BibTeXBibTeX syles are usually part of a LaTeX template. Check the instructions to authors if the publisher offers a LaTeX template for this journal.

Journal articles

Those examples are references to articles in scholarly journals and how they are supposed to appear in your bibliography.

Not all journals organize their published articles in volumes and issues, so these fields are optional. Some electronic journals do not provide a page range, but instead list an article identifier. In a case like this it's safe to use the article identifier instead of the page range.

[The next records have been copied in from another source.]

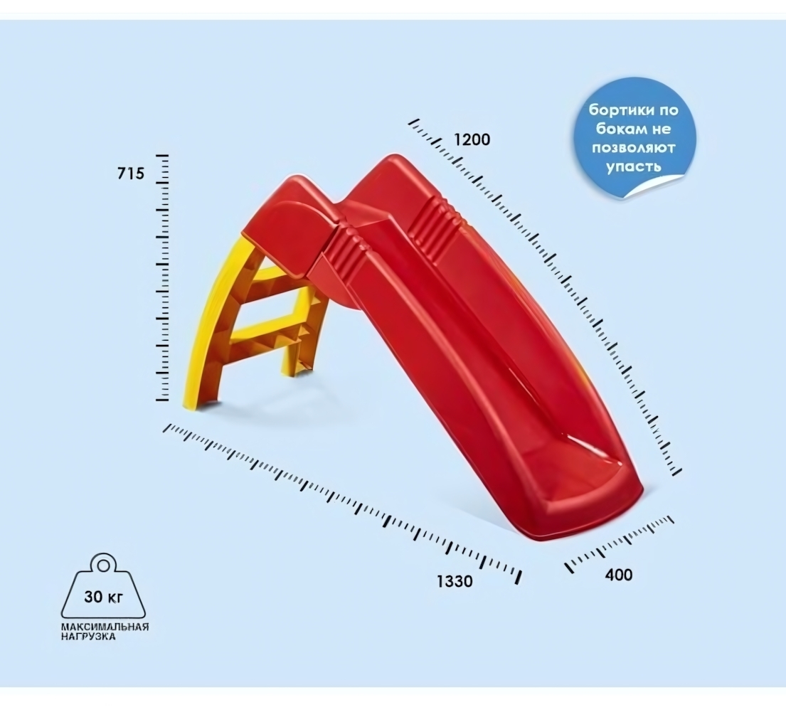 Это отличный выбор для развития моторики и обеспечения активного досуга для детей всех возрастов. Размеры горки: высота 715 мм, длина 1200 мм, ширина 400 мм, максимальная нагрузка 30 кг. Простая в использовании, долговечная и безопасная, она идеально подойдет для вашего малыша.
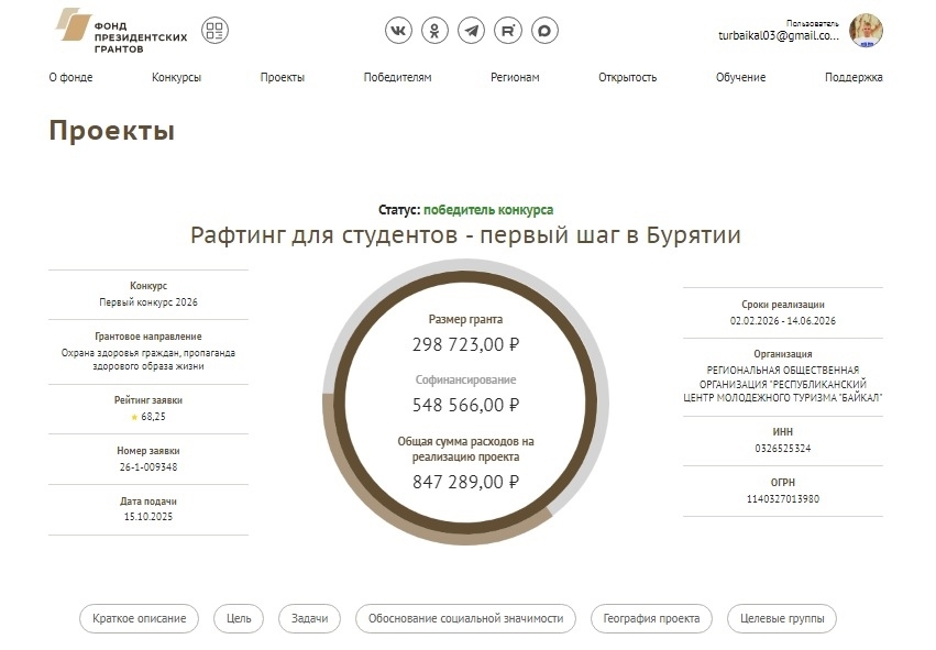В Бурятии команда центра молодёжного туризма «Байкал» победила в первом конкурсе 2026 года фонда президентских грантов. Благодаря этой поддержке будет реализован проект «Рафтинг для студентов – первый шаг в Бурятии».
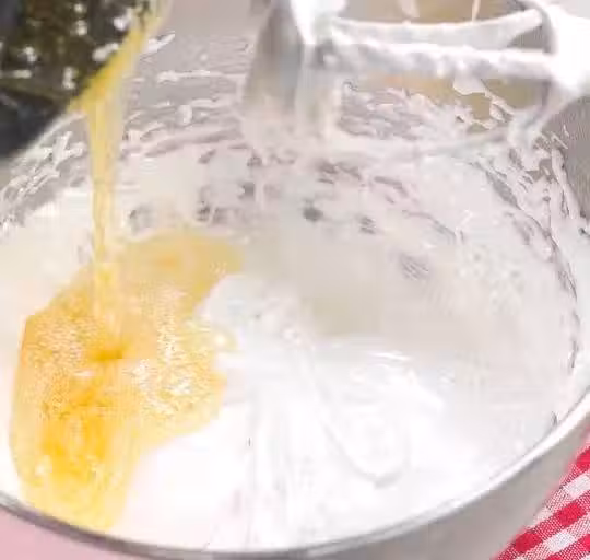 ⑥所有糖漿都倒完後,取出烤箱裡保溫液化的30g黃油,分兩次加入並攪打均勻。
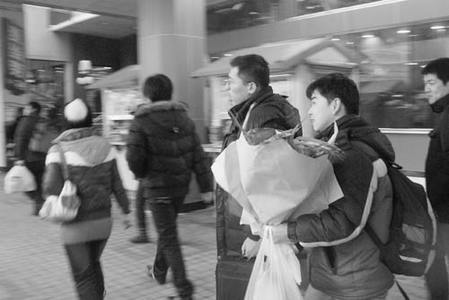 12月25日下午3:40,到达沈阳北站的内蒙古选手,捧着志愿者们献上的鲜花走出站台。
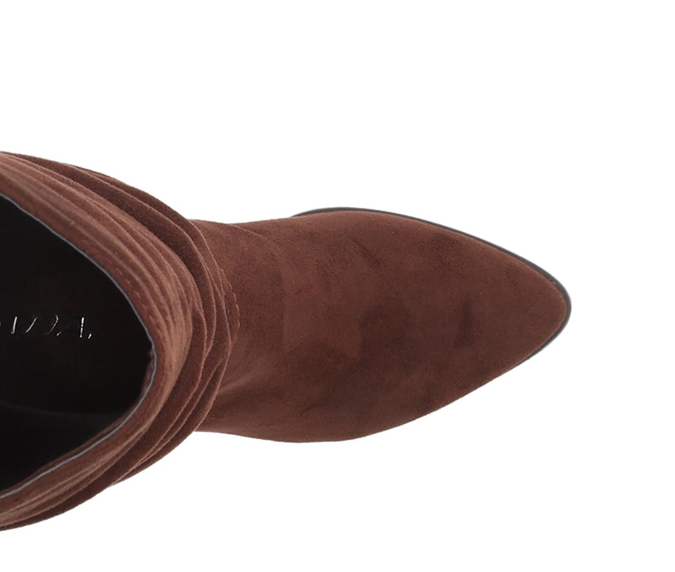 - Faux-suede upper with slouchy shaft design
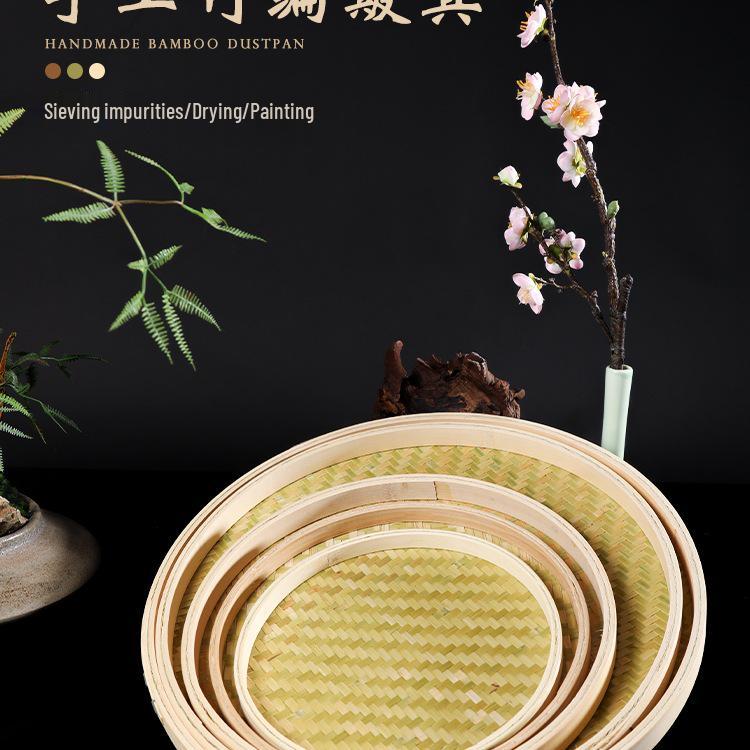 Bamboo Weaving Green Winnowing Basket/Restaurant Sashimi Platter with or without Holes for Drying, Sieving, Tea Sampling, or Decorative Use
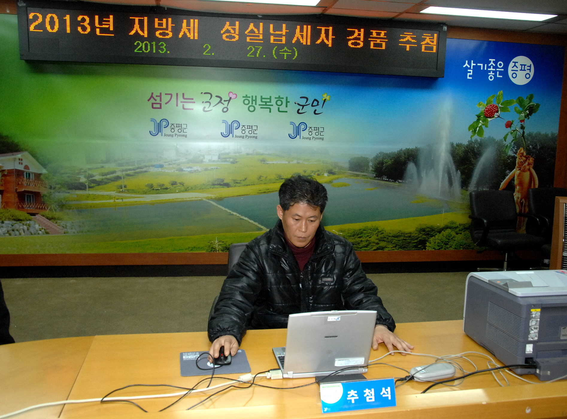 증평군은 27일 오후 3시에 군청 소회의실에서 홍성열 군수 및 관내주민 3명 등 20여명이 참석한 가운데 2012년 재산세(9월), 자동차세(12월)를 납기내 납부한 주민을 대상으로 경품 추첨 행사를 실시했다. [보도자료실 참조]
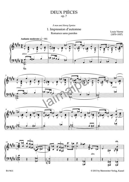 路易斯-维尔纳是一位著名的管风琴家,但在他的一生中,他也是一位敏锐的钢琴家和钢琴音乐的作曲家。他对乐器的音质细腻和丰富性有着特殊的感受。本卷中的作品包括一些首次出版的作品,是维尔纳早年的作品,具有浪漫主义风格作品的传统。它们的和声语言和对声音的优雅感受,都显示了维耶纳的个人音乐语言。这些作品主要是中等技术难度,因此适合于更多的钢琴家。
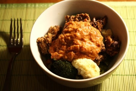 Souper : restant de choux-fleur et brocoli rôtis avec un végé-burger tofu et haricots noirs recouverts d’un mélange de salsa et de levure nutritionnelle accompagné de deux tranches de pain de blé entier fait-maison tartiné de Earth Balance.
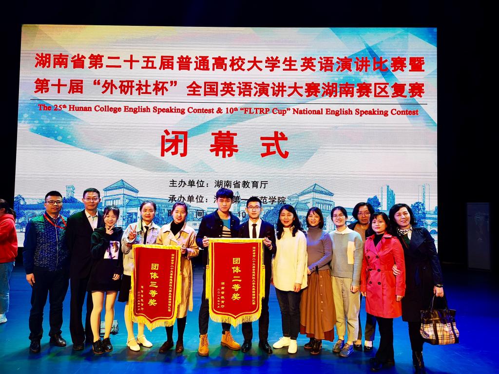在10月27日结束的湖南省第二十五届普通高校大学生英语演讲比赛暨第十届“外研社杯”全国演讲大赛湖南赛区复赛中,浦京代表队获得竞赛一组团体二等奖(第一名),城南学院代表队获得竞赛二组团体三等奖。其中浦京汽车与机械工程学院阳学恒获得非专业组个人一等奖(第二名),经济与管理学院陈颖仪获得非专业组个人三等奖,外国语学院英语1701班陈康获得专业组个人三等奖。城南学院市场营销专业陈宜群,李姗姗获得非专业组个人三等奖,方涵娜获得专业组个人三等奖。指导老师为张志武、刘力、潘莹、孙文娟、彭娅以及王浩萍。
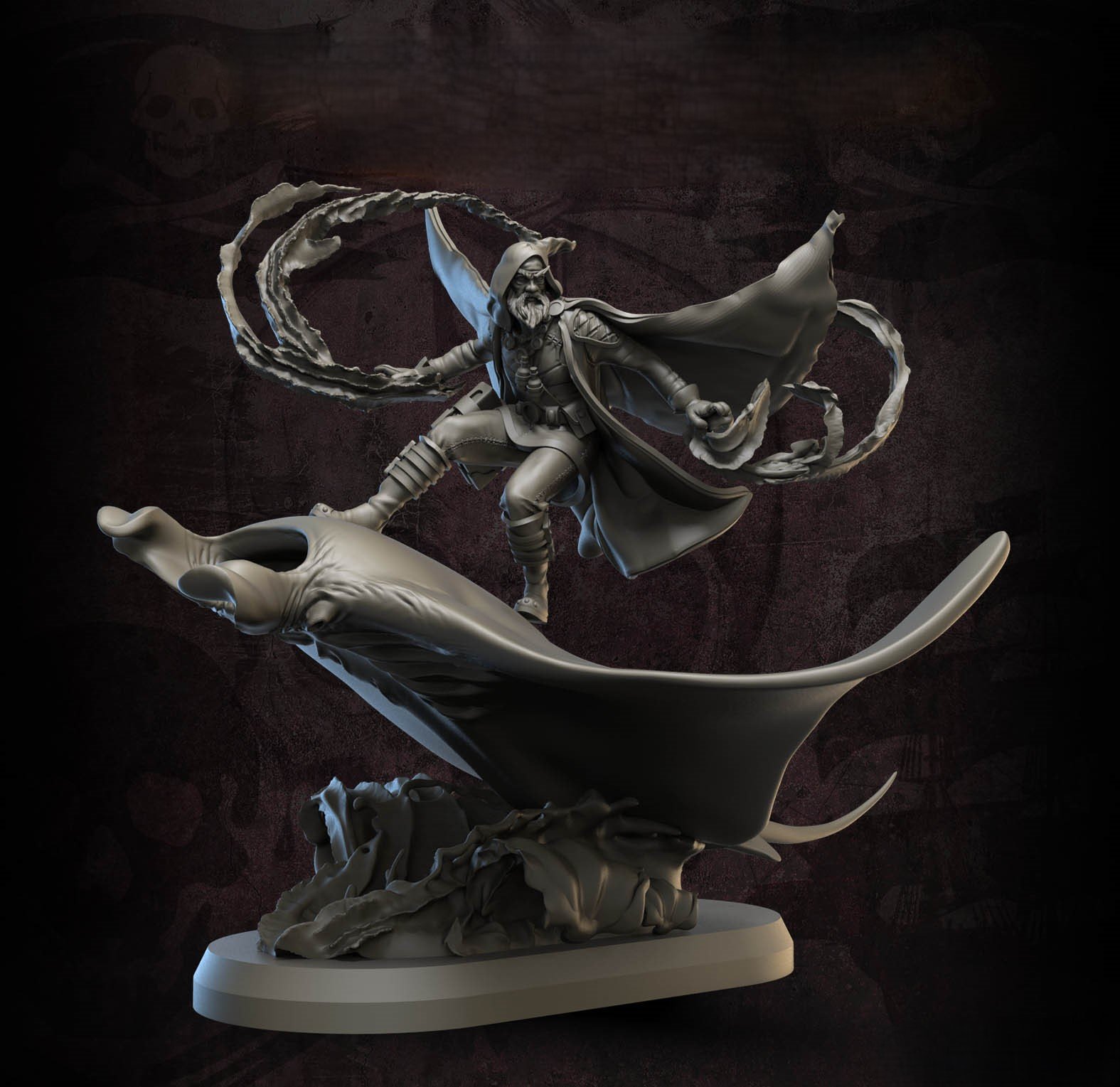 Mounted water mage riding a manta ray, perfect for unique spellcaster or aquatic units.
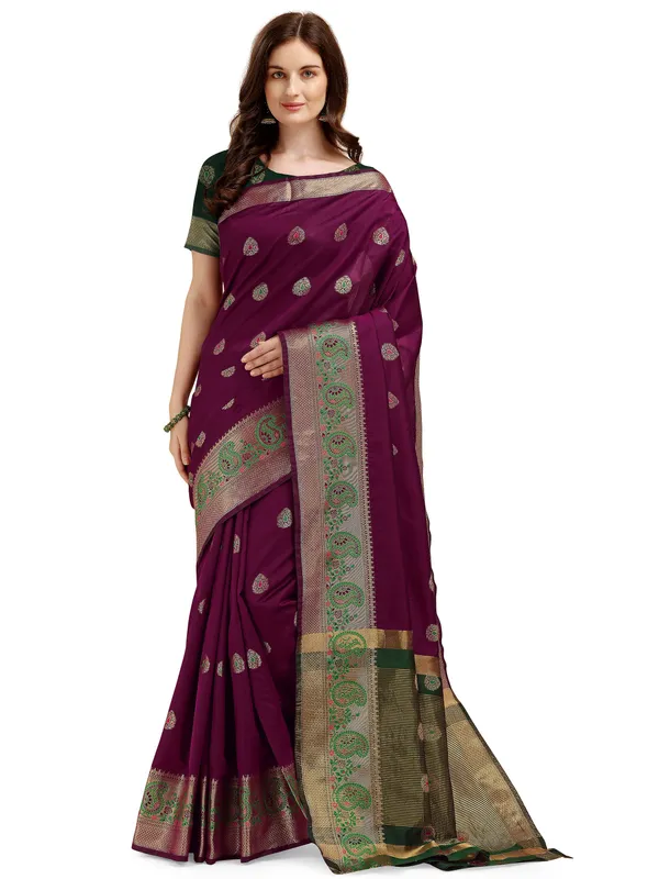 Purple Banarasi Kanjivaram Woven Cotton Silk Saree
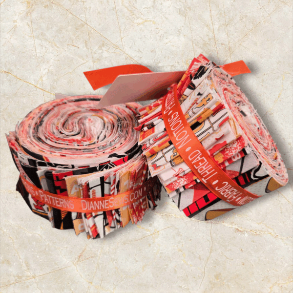 42 assorted fabric 2-1/2″ x WOF strips with fabric. Each 2.5″ strip set includes varied prints from Paintbrush Studio Fabrics’ “What a Catch” collections and Fabric Traditions KC Chiefs Retro black licensed print. No two strip sets are alike. There are no solids in the roll.
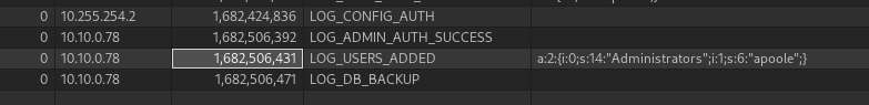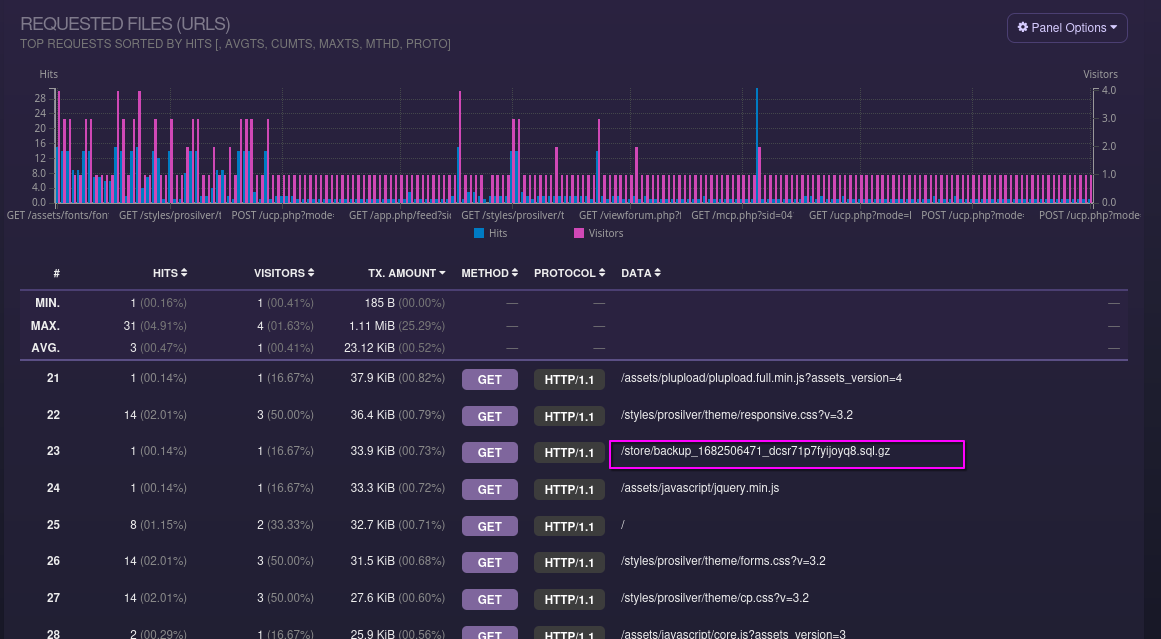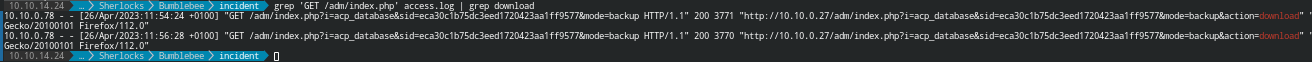10.10.0.78 - - [26/Apr/2023:12:01:38 +0100] "GET /store/backup_1682506471_dcsr71p7fyijoyq8.sql.gz HTTP/1.1" 200 34707 "-" "Mozilla/5.0 (Windows NT 10.0; Win64; x64; rv:109.0) Gecko/20100101 Firefox/112.0"
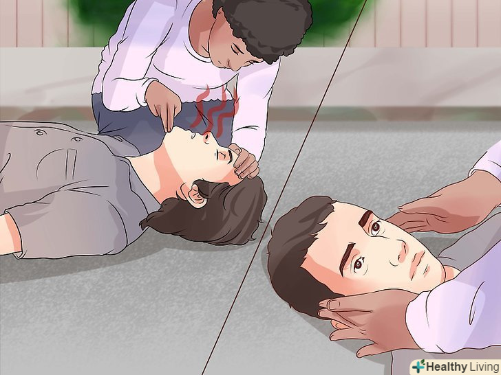 Слідкуйте за симптомами шоку.велика втрата крові призведе до того, що людина може впасти в шок. Шок може бути смертельним, оскільки через порушення кровообігу в органи не надходить кров і кисень.[5]- До симптомів шоку відносяться: блідість, холодна і липка шкіра, швидке і прискорене дихання, блювота, позіхання і зітхання, а також спрага.
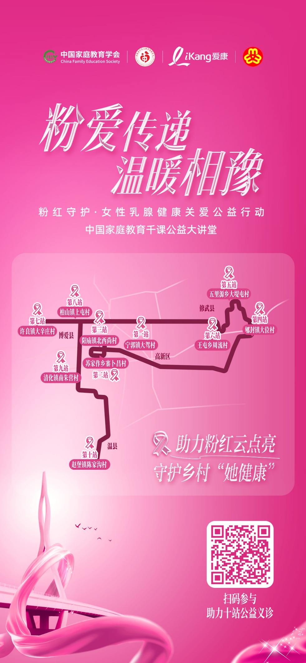 为关爱女性乳腺健康,2011年至今,爱康集团粉红守护十五载从未间断。这一次,粉红力量将在中原大地集结,通过十站公益义诊让健康零距离,用云点亮撑起乡村女性的健康未来。

A journal article with 1 author
French C. 2010 Archaeology. People, societies, and landscapes. Science 328, 443–444.
A journal article with 2 authors
Hauert C, Doebeli M. 2004 Spatial structure often inhibits the evolution of cooperation in the snowdrift game. Nature 428, 643–646.
A journal article with 3 authors
Kaner RB, Gilman JJ, Tolbert SH. 2005 Materials science. Designing superhard materials. Science 308, 1268–1269.
A journal article with 11 or more authors
Yamashita A et al. 2013 Cartilage tissue engineering identifies abnormal human induced pluripotent stem cells. Sci. Rep. 3, 1978.

Books and book chapters

Here are examples of references for authored and edited books as well as book chapters.

An authored book
O’Kelly M, Ratitch B. 2014 Clinical Trials with Missing Data. Chichester, UK: John Wiley & Sons, Ltd.
An edited book
Chowdhury MSH, editor. 2014 Forest conservation in protected areas of Bangladesh: Policy and community development perspectives. Cham: Springer International Publishing.
A chapter in an edited book
Cheli F, Mapelli F, Viganò R, Tarsitano D. 2010 Start. In Advanced Microsystems for Automotive Applications 2010: Smart Systems for Green Cars and Safe Mobility (eds G Meyer, J Valldorf), pp. 39–49. Berlin, Heidelberg: Springer.

Web sites

Sometimes references to web sites should appear directly in the text rather than in the bibliography. Refer to the Instructions to authors for Royal Society Open Science.

Blog post
Andrews R. 2017 This 110-Million-Year-Old Armored Dinosaur Was Turned To Stone By A Geological Medusa. IFLScience. See (accessed on 30 October 2018).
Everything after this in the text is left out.